How will it end? In the wake of Ukraine’s stunning and stubborn resistance to Putin’s invasion, the question whose answer once seemed preordained now can be asked in all seriousness. The war, now a month old, might go on for many more months, or negotiations going on right now could result in an agreement between Moscow and Kyiv. No outcome, however, will spare the Ukraine people and government the pain of sacrifice and rebuilding—nor the enmity between Ukrainians and Russians.
Four points to consider
Four considerations influence all the potential outcomes.
One is Putin’s character. He displays all the worst features of a dictator: uncompromising, self-assured, isolated, insecure, and hateful. He has already fired or arrested some of his top intelligence people, evidently blaming them for failures on the battlefield. We see him lecturing his chief advisers like a medieval king might deal with underlings. Most relevant to this war: Putin demands a win. “The Russian leadership can’t lose,” said Andrei Kortunov, director general of the Russian International Affairs Council, a research organization close to the Russian government. “No matter what, they will need to end this whole story with some kind of victory.”
Second, quick victory is no longer possible for Russia; even victory after prolonged bombing and occupation of some territory seems implausible. The Russian military has taken heavy losses of life and equipment. Its main force is bogged down, its air force does not command the skies, and its only recourse is indiscriminate bombing that makes civilians rather than the Ukraine military the main target. In a word, the Ukraine campaign has become a massive intelligence and battlefield failure for Putin.
Third, international sanctions on Russia have taken a steep toll on its economy, its reputation, and Putin’s once-upon-a-time admirers. We have it from none other than Sergei Lavrov, Russia’s foreign minister, that “When the reserves of the Central Bank were frozen, no one would think, out of those who made predictions, what sanctions the West might apply.” The sanctions have dramatically reduced the ruble’s value, cut Russia’s roughly $625 billion in foreign exchange reserves in half, and caused most international businesses in Russia to flee. Russia could be a pauper, a third-rate economy, by the time the war ends.
Fourth, there are no voices against the war around Putin: no major resignations of officials, no backlash from the military, no oligarchs protesting, no Chinese pressure, and of course no truly mass popular protests.
War-ending scenarios
With those four circumstances in mind, what outcomes are possible? One is a unilateral step by Putin that would be coupled with a triumphant statement. We should keep in mind that not all wars end in agreement; exhaustion on one or both sides can lead to withdrawal of forces without a settlement, or, as in the Korean War, the parties can create an indefinite cease-fire (an armistice). Putin might remove his forces from most of Ukraine but hold on to the Donbas and its two “people’s republics” without ever signing an agreement.
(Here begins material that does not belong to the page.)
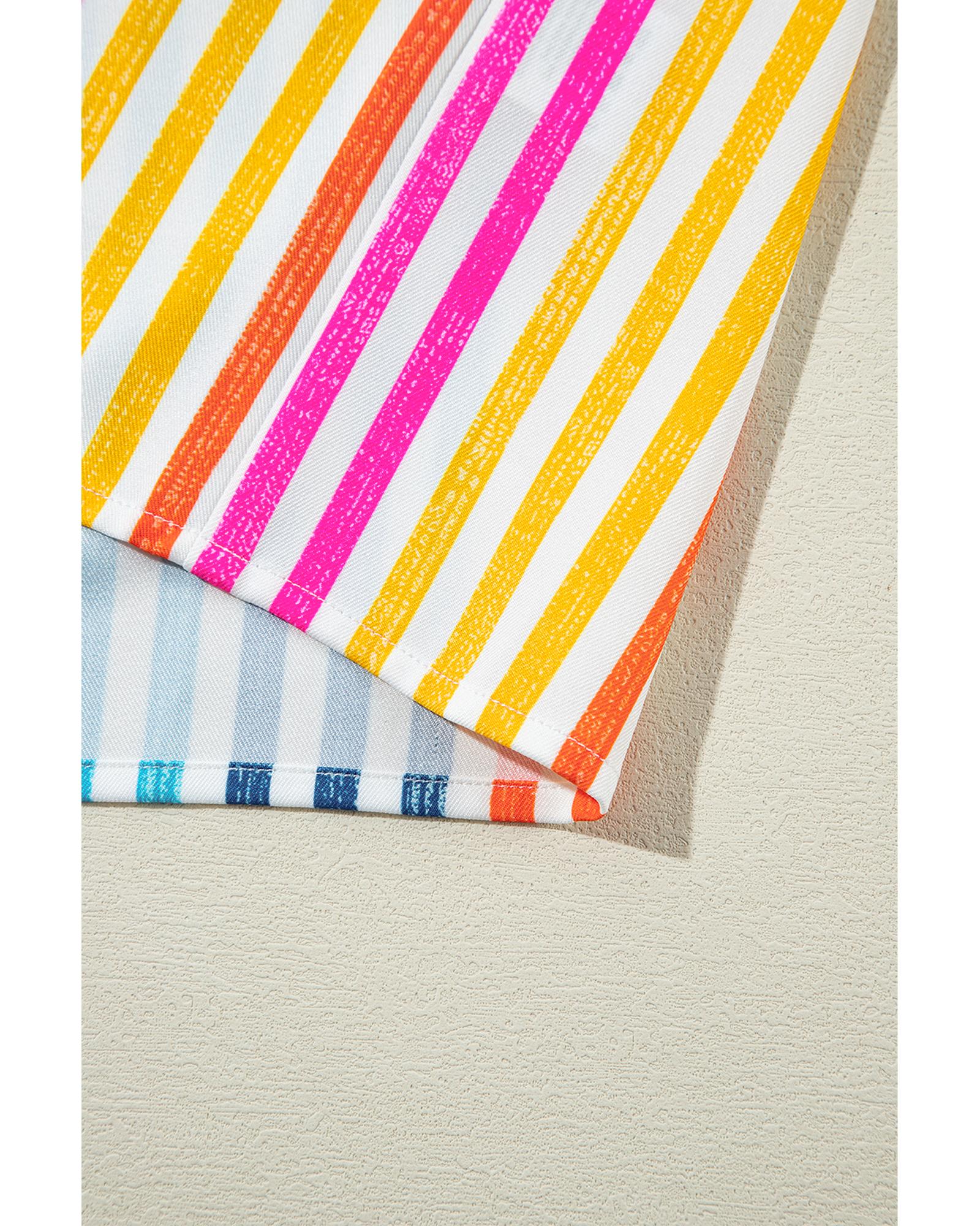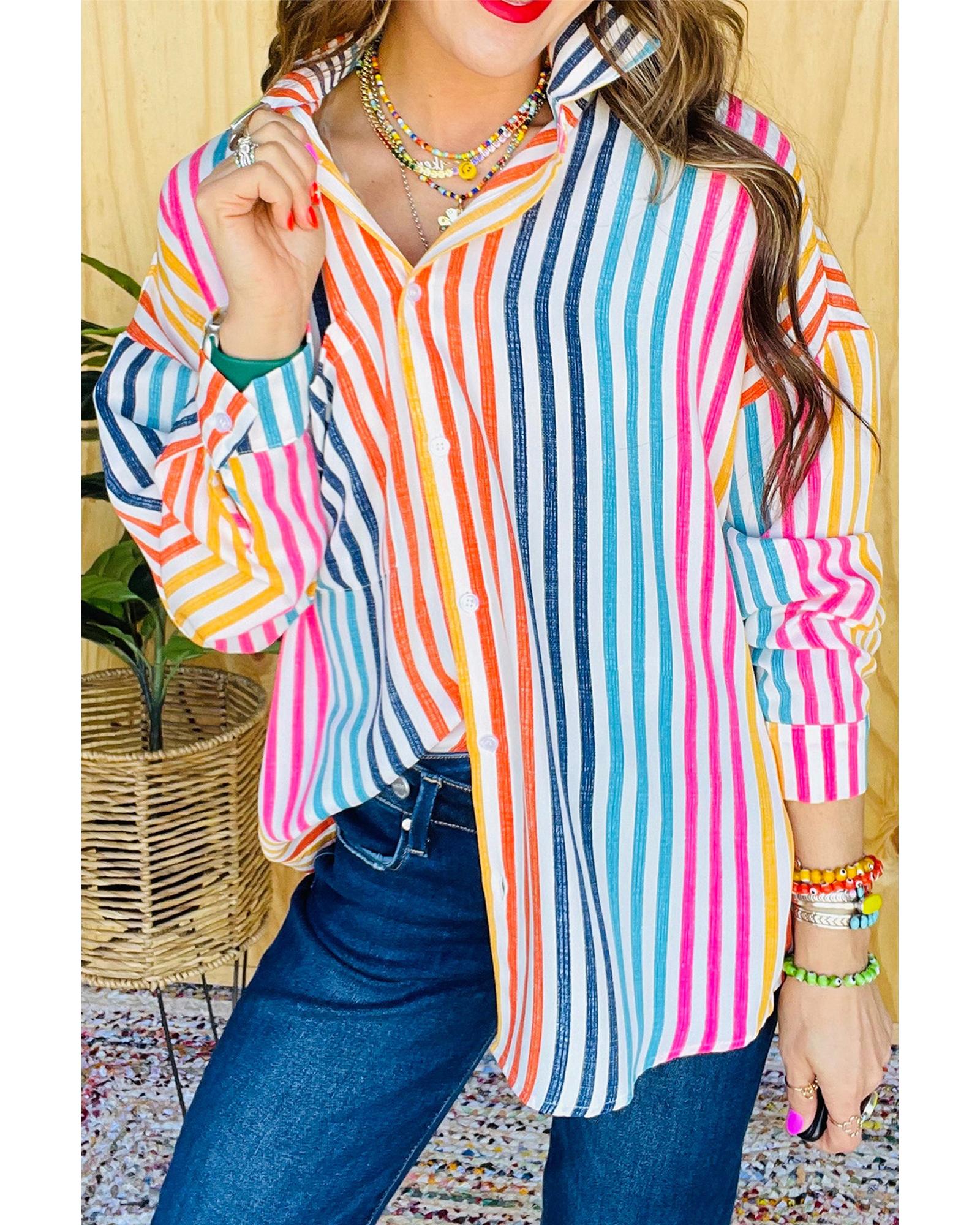 Orange Stripe Multicolor Drop Shoulder Loose Shirt – S

Diplomacy is much the preferred way to end this war. But any possibility of an agreed ending is likely to require painful concessions by President Zelenskyy in order to rid Ukraine of Russian military forces. The concessions now seem likely to include a declaration of neutrality and acknowledgment of Russian control of Crimea. They might also require Ukraine’s acceptance of formal autonomy for the two Donbas provinces.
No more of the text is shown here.